» **TASK ITEM**
Nothing but the lines below from the one holding "This fun mid" up to and including the one holding "Poolside reflections and" should be copied, exactly and without pictures.
[SUPPLIED RECORDS — start]
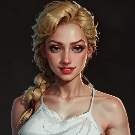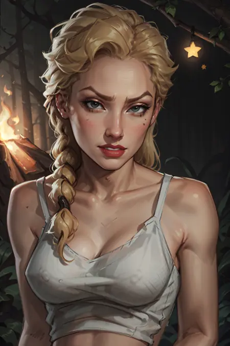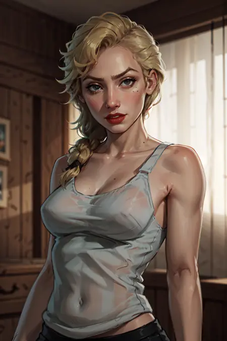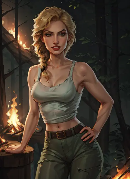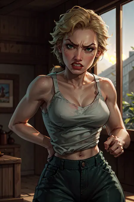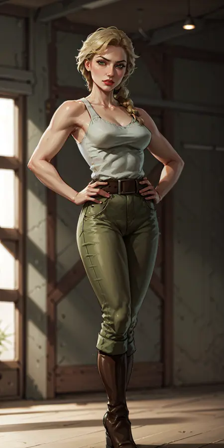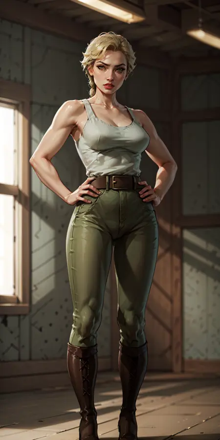 クラシックな衣装: 肩にかかっている髪, ホワイトタンクトップ, グリーンのパンツ, ベルト
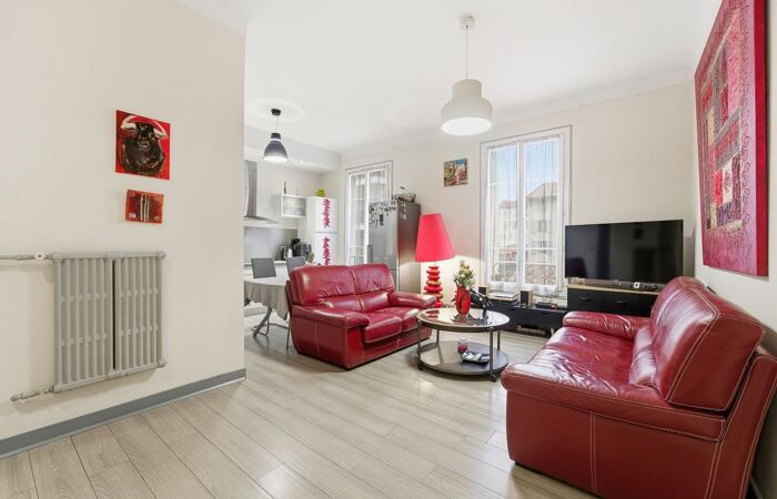 Situé au 2ᵉ étage d'un bel immeuble bien entretenu, ce bien entièrement rénové en 2017 se compose d'un séjour lumineux avec cuisine ouverte équipée, de trois chambres, d'une salle de bains ainsi que d'un WC indépendant.
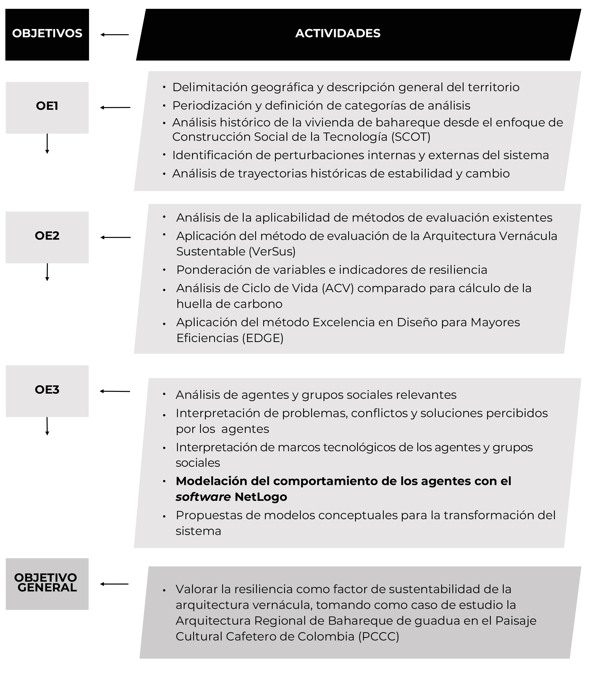 En cada objetivo se desarrollaron múltiples actividades que se relacionan en la Figura 4 con el propósito de dar el contexto investigativo del artículo en el marco del proyecto. Para el logro del Objetivo específico 3 (OE3) se adoptaron diversos enfoques y se aplicaron de manera concurrente varios métodos, uno de las cuales consistió en el desarrollo de una aplicación a partir del software de Modelos Basados en Agentes (MBA) NetLogo 5.3.1. para simular los patrones de comportamiento de los agentes vinculados a la vivienda vernácula, en cuyos resultados se centra el presente artículo.
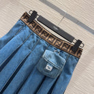 Fendi 2025 Pleated Denim Skirt Blue Cotton
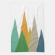 This fun mid century modern kitchen towel features an abstract mountain range in a combination of green, blue, orange, tan, gold, and turquoise blue. So fun!
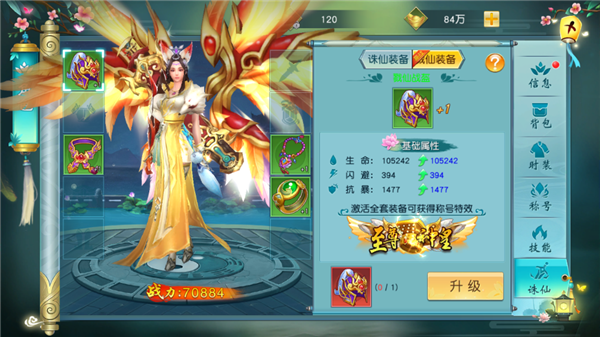 穿戴诛仙装备可提升人物属性。每个诛仙装备部位达到一定等级段后可激活该部位极品属性获得大量战力。诛仙装备可在合服活动的boss中掉落。
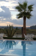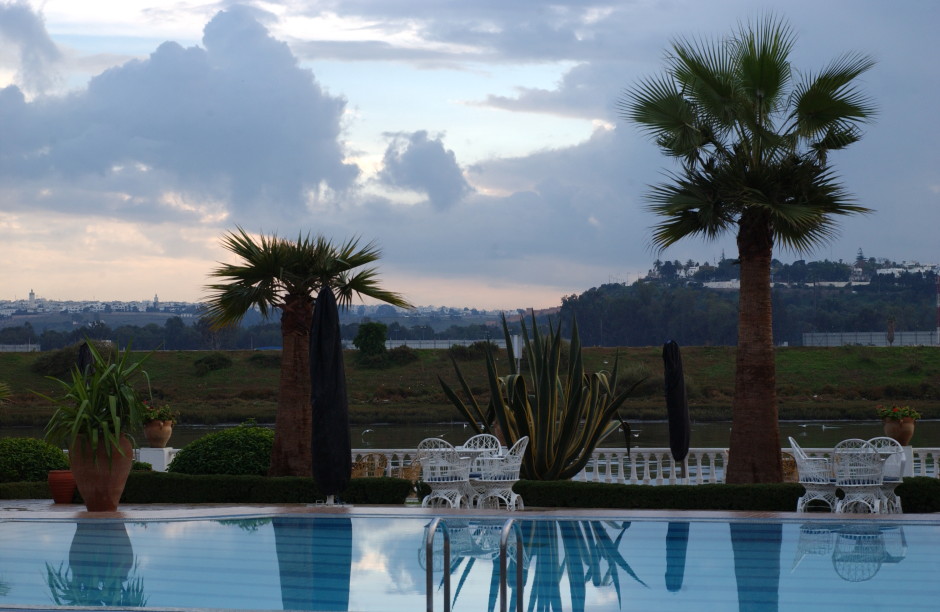 Poolside reflections and silhouettes in the waning light of day; Rabat/Salé, Morocco, North Africa. December 2007.
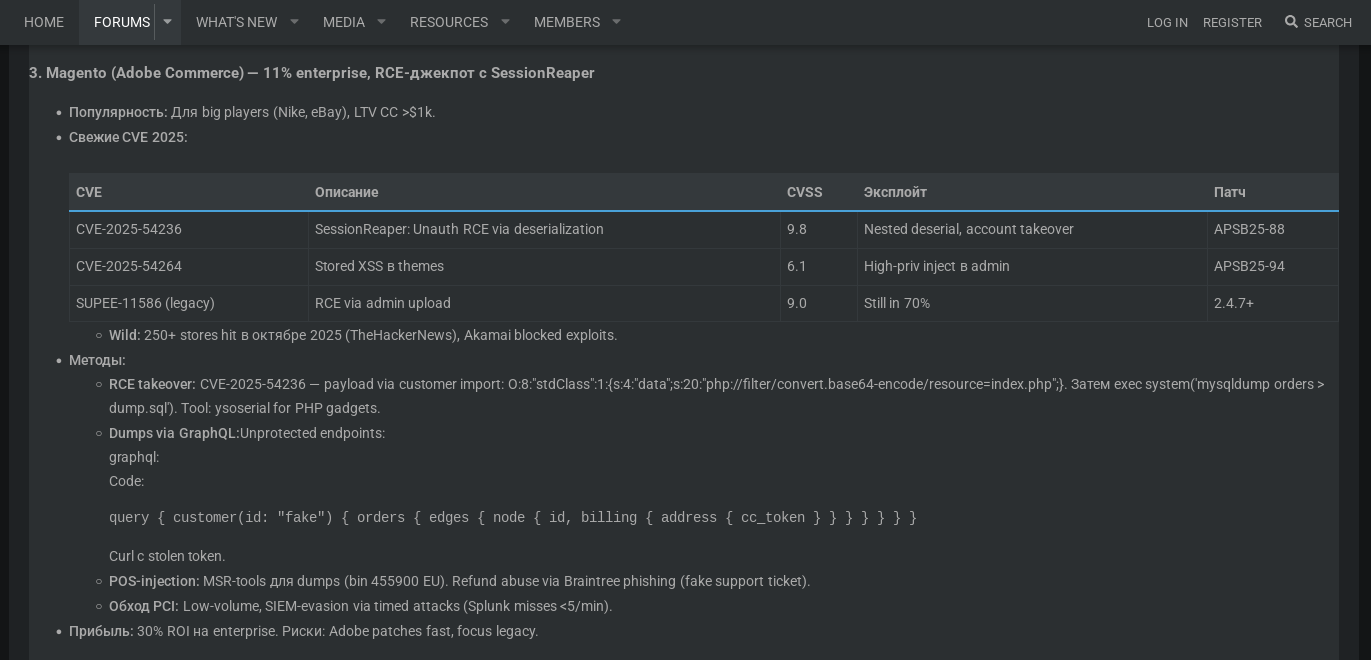 By November 3rd, discussions on carder.market revealed how cybercriminals are actively commodifying this CVE across Magento, WooCommerce, and Shopify to escalate from credential theft to full RCE-enabled financial extraction campaigns via backend compromise, payment token exfiltration, and residential proxy identity spoofing.
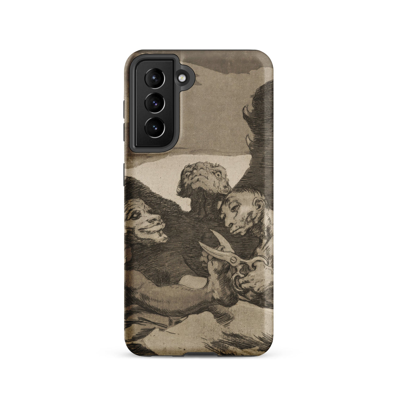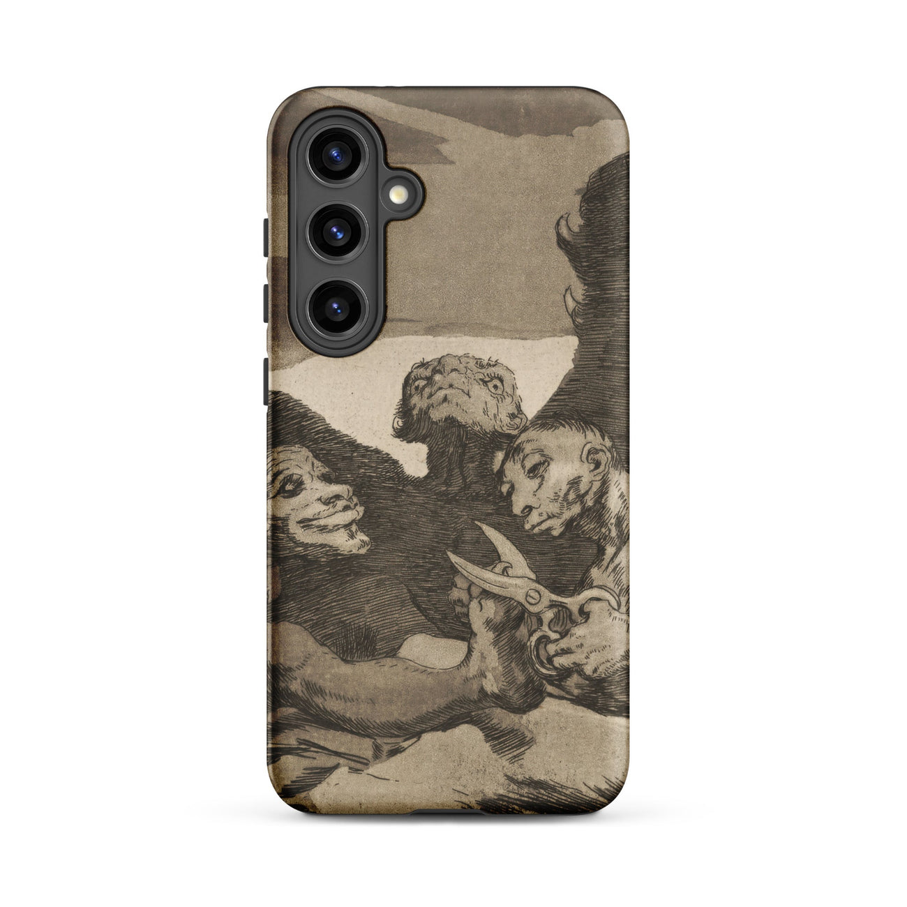 Francisco de Goyas Sie putzen sich heraus erscheint auf diesem Samsung-Case als groteske Parodie auf die Eitelkeit. Figuren mit verzerrten Gesichtern drängen sich zusammen, eine schwingt die Schere über den klauenartigen Fuß einer anderen, ihr Pflegeritual in Spott gerahmt.
[SUPPLIED RECORDS — finish]
» **EXERCISE RESULT**
 This fun mid century modern kitchen towel features an abstract mountain range in a combination of green, blue, orange, tan, gold, and turquoise blue. So fun!
 穿戴诛仙装备可提升人物属性。每个诛仙装备部位达到一定等级段后可激活该部位极品属性获得大量战力。诛仙装备可在合服活动的boss中掉落。
 Poolside reflections and silhouettes in the waning light of day; Rabat/Salé, Morocco, North Africa. December 2007.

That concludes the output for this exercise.